- Coat of arms
- Location of Viernheim within Bergstraße district
- Location of Viernheim
- Viernheim Location within GermanyViernheim Location within Hesse
- Coordinates: 49°32′30″N 8°34′43″E﻿ / ﻿49.54167°N 8.57861°E
- Country: Germany
- State: Hesse
- Admin. region: Darmstadt
- District: Bergstraße

Government
- • Mayor (2021–27): Matthias Baaß (SPD)

Area
- • Total: 48.41 km^{2} (18.69 sq mi)
- Elevation: 98 m (322 ft)

Population (2025-12-31)
- • Total: 34,285
- • Density: 708.2/km^{2} (1,834/sq mi)
- Time zone: UTC+01:00 (CET)
- • Summer (DST): UTC+02:00 (CEST)
- Postal codes: 68519
- Dialling codes: 06204
- Vehicle registration: HP
- Website: www.viernheim.de

= Viernheim =

Viernheim (/de/) is a midsize industrial town on Mannheim's outskirts and is found in the Rhine Neckar agglomeration and economic area. It is the second biggest town in Bergstraße district in Hesse, Germany. Since 1994 it has also borne the title Brundtlandstadt, as it has been taking part in an energy conservation pilot project. In 1968, the town hosted the eighth Hessentag state festival.

==Geography==

===Location===
Viernheim lies in the Rhine rift, and although it also lies in Hesse, it is bounded on the west, south and east by Baden-Württemberg. North of the Viernheim woods, in Lampertheim, begins the Hessisches Ried. East of Viernheim lies the town of Weinheim, which is where the district’s namesake Bergstraße begins, and which also marks the beginning of the Odenwald. The town lies roughly 10 km northeast of Mannheim, 10 km east of the Rhine and 10 km west of the Bergstrasse.

===Neighbouring communities===
Viernheim borders in the north on the town of Lampertheim (in Hessen), in the northeast on the towns of Hemsbach and Weinheim, in the south on the community of Heddesheim (all three in the Rhein-Neckar-Kreis), and in the west on the district-free city of Mannheim (all in Baden-Württemberg).

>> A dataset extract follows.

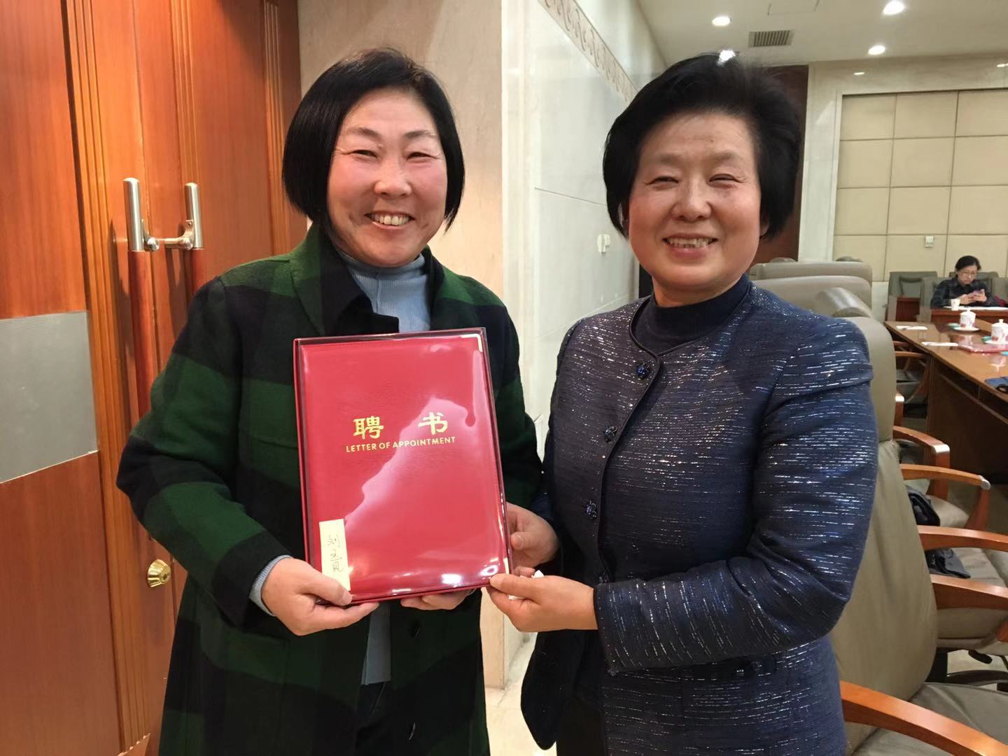 省人大常委会副主任朱静芝同志(右)为刘玉凤教授颁发聘书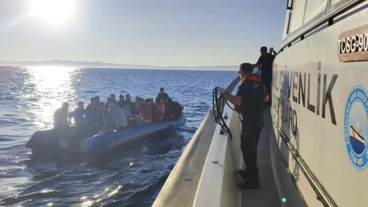 Bölgeye ekipler sevk edilirken, Sahil Güvenlik Botları ‘KB-4305’ ve ‘TCSG-905’ tarafından hareket halinde durdurulan lastik bot içinde 18’i çocuk 43 kaçak göçmen yakalandı.

===Constituent communities===
Viernheim is divided into several sections. It has been the local, everyday speech and town expansions, though, that have yielded most of the divisions. They therefore have no precisely defined bounds. The Stadtkern, or town core, is made up of the Innenstadt ("Inner Town") and the Altstadt ("Old Town") lying around it. Among the other neighbourhoods are the Nordstadt ("North Town", north of Nibelungenstraße and Wormser Straße), the Nordweststadt ("Northwest Town", west of Kreuzstraße and Am Königsacker), the Tivoli (in the south at the Rhein-Neckar-Zentrum), Hinter den Zäunen (“Behind the Fences”, south of the OEG tracks), Gewerbegebiet Eins ("Commercial Area One", in the northeast, north of Friedrich-Ebert-Straße and east of Lorscher Straße) and the new development that has sprung up over the last few years, Bannholzgraben, east of Janusz-Korczak-Allee (L 3111). Moreover, there are also the Sportgebiet West (“Sport Area West”, west of the A 6), the two outlying centres which are each made up of only one road, Neuzenlache and Ziegelhütte (south of the A 659 and the outlying farms northeast of town.

==History==
Viernheim grew out of a Carolingian king's court. Viernheim had its first documentary mention in 777 in the Lorsch codex, the Lorsch Abbey's book of documents. Through donations, it ended up in the Abbey’s ownership. In 1232, the Abbey’s holdings were given to the Archbishops of Mainz, but only in 1308 did Viernheim pass to Mainz. In 1439, however, the town was pledged to the Schönau Abbey, who in turn sold it to the Electorate of the Palatinate. After the Thirty Years' War, it passed back to Mainz, and thence under the Reichsdeputationshauptschluss in 1803 to the Grand Duchy of Hesse, out of which came the People's State of Hesse in 1918. Once in the People's State, the town was assigned first to the Amtsvogtei of Lorsch. When Landratsbezirke – another kind of administrative division – were created in 1821, Viernheim was assigned to Heppenheim. From 1832 to 1839 came a spell under Bensheim's jurisdiction. From 1848, the town then belonged to Heppenheim district, which in 1938 was merged with Bensheim district to form today’s Bergstraße district. In 1948, Viernheim was granted town rights by the newly founded Land of Hesse.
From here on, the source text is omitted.